Reputation: 71
I am trying to create a new column (D$NEW) in Data.table D which matches each row of D to a whole column (D2$COLUMN1) in Data.table D2 using str_subset. (My data structure is at the bottom)
D[,NEW:= lapply(D[,C1],function(x)str_subset(as.character(D2$COLUMN1), x)]
This works fine. But I also want str_subset to ignore capital case. But when I use ignore.case(x)
D[,NEW:= lapply(D[,C1],function(x)str_subset(as.character(D2$COLUMN1), ignore.case(x))]
I get the following error
## PLEASE use (fixed|coll|regexp)(x, ignore_case=TRUE)
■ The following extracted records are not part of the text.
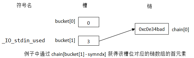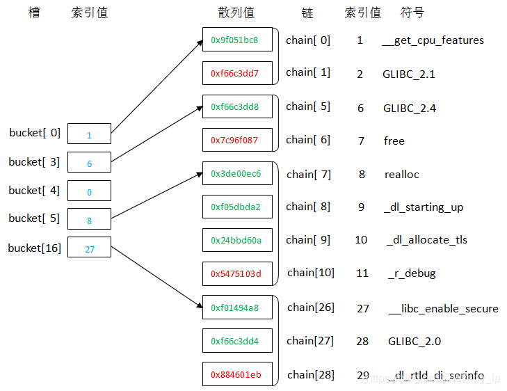 以链表的形式打印SYSV散列算法各个符号的值,如bucket[ 0]( 3) --> chain[ 3]( 1) --> chain[ 1]( 0),bucket[ 0]、chain[ 3]和chain[ 1]表示元素的位置,其后小括号中的数字就是该位置中的值。bucket[ 9]中没有元素,每个链表都以0值为结尾。可以看出,它们是通过上一个位置的值来确定一下位置的。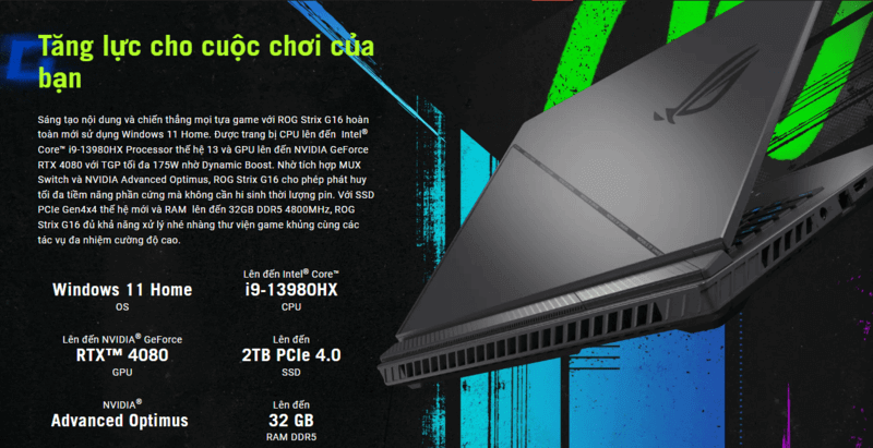Thiết kế mới mẻ và hệ thống tản nhiệt phiên bản 3 quạt làm mát, màn hình 16-inch với tỉ lệ 16:10 và độ phân giải QHD+, cùng với CPU Intel HX Gen 13th và GPU Nvidia GeForce RTX 40 Series cùng với công nghệ MUX switch tạo đem đến hiệu năng vô cùng khủng cho người dùng. Đó là đôi nét về dòng laptop gaming Asus ROX Strix G16, nếu bạn đã cảm thấy phấn khích với dòng sản phẩm này thì ngay bây giờ, hãy cùng LAPTOPNEW khám phá em nó trong bài viết dưới đây nhé!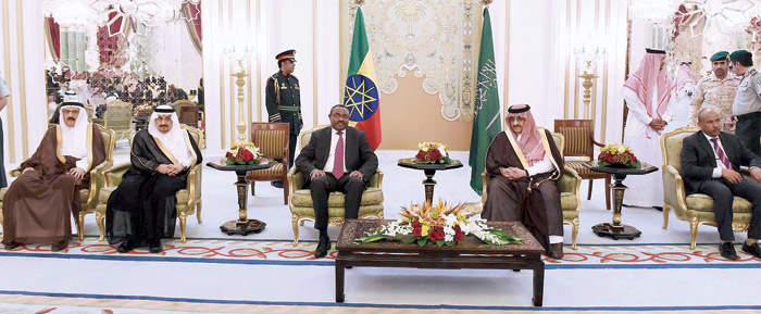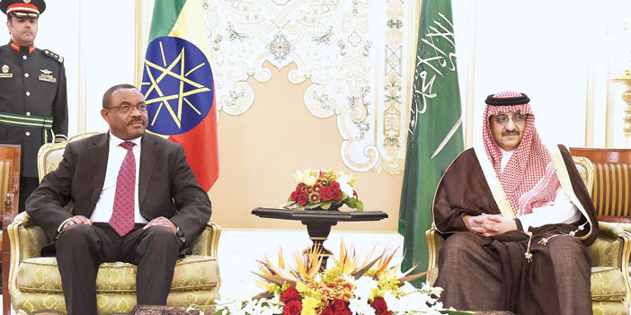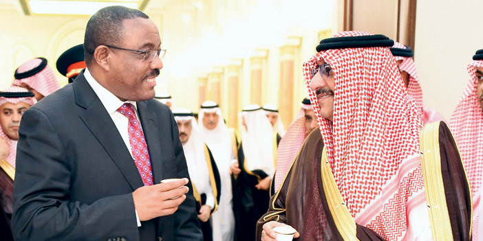 وكان دولة رئيس وزراء جمهورية إثيوبيا هايلي ماريام دسالني قد وصل مساء أمس إلى الرياض، في زيارة رسمية للمملكة. وكان في مقدمة مستقبليه بمطار قاعدة الملك سلمان الجوية صاحب السمو الملكي الأمير محمد بن نايف بن عبدالعزيز ولي العهد نائب رئيس مجلس الوزراء وزير الداخلية - حفظه الله -. كما كان في استقبال دولته، معالي وزير الدولة عضو مجلس الوزراء الدكتور عصام بن سعد بن سعيد الوزير المرافق، ومعالي أمين منطقة الرياض المهندس ابراهيم بن محمد السلطان، ووكيل رئيس المراسم الملكية الأستاذ هشام بن حسن آل الشيخ، والقائم بالأعمال بالنيابة بسفارة خادم الحرمين الشريفين لدى جمهورية إثيوبيا خالد بن مبروك الخالد، والقائم بأعمال سفارة جمهورية إثيوبيا لدى الرياض تمسغن عمر. وقد أجريت لدولة رئيس وزراء إثيوبيا، مراسم استقبال رسمية، حيث عزف السلامان الوطنيان للبلدين، ثم استعرض حرس الشرف. بعد ذلك صافح دولة رئيس وزراء إثيوبيا مستقبليه، صاحب السمو الملكي الأمير الدكتور منصور بن متعب بن عبدالعزيز وزير الدولة عضو مجلس الوزراء مستشار خادم الحرمين الشريفين، وصاحب السمو الملكي الأمير متعب بن عبدالله بن عبدالعزيز وزير الحرس الوطني، وصاحب السمو الملكي الأمير الدكتور عبدالعزيز بن سطام بن عبدالعزيز مستشار خادم الحرمين الشريفين، وصاحب السمو الملكي الأمير منصور بن مقرن بن عبدالعزيز المستشار بالديوان الملكي، ومعالي رئيس مجلس الشورى، وأصحاب المعالي الوزراء وكبار المسؤولين من مدنيين وعسكريين، وأعضاء سفارة إثيوبيا بالرياض. كما صافح سمو ولي العهد - أيده الله - أعضاء الوفد الرسمي المرافق لدولة رئيس وزراء إثيوبيا الذي يضم معالي وزير الدفاع سراج فقيسا، ومعالي وزير المالية والتنمية الاقتصادية عبدالعزيز محمد، ومعالي وزير الإعلام قيتاشو ريدا ، ومعالي مدير جهاز الأمن والاستخبارات الوطني جيتاشو اسفا، ومعالي رئيس أركان حرب القوات المسلحة الجنرال سامورا يونس ، ومعالي المستشار الاقتصادي الخاص لدولة رئيس الوزراء وزير المالية والتنمية الاقتصادية الأسبق سفيان أحمد، ووزير الدولة في وزارة الخارجية السفير تايي اتسكيسيلاسي، والمدير في جهاز الاستخبارات والأمن الوطني هادرا ابيرا ادماسو، ومعالي وزير الدولة بمكتب رئيس الوزراء سورافيل مهرتاب ابيد، ومدير العام بإدارة الشرق الأوسط بوزارة الخارجية السفير سراج رشيد، ومدير عام بإدارة الشرق الوسط بوزارة الخارجية زلالم برهان. وبعد استراحة قصيرة في صالة التشريفات اصطحب سمو ولي العهد دولة رئيس وزراء جمهورية إثيوبيا في موكب رسمي إلى قصر الملك سعود للضيافة.

When I use ignore_case=TRUE
D[,F:= lapply(D[,V1],function(x) str_subset(as.character(D2$COLUMN1), x, ignore_case=TRUE))]
I get the following error:
Error in str_subset(as.character(), x, ignore_case = TRUE) : unused argument (ignore_case = TRUE)
How can I manage to force to ignore cases while using this function..
Data:
D<-data.table(C1=c("a","b","c","d","e","A","B","C"), C2=c(1,2,3,4,5,6,7,8,9,10))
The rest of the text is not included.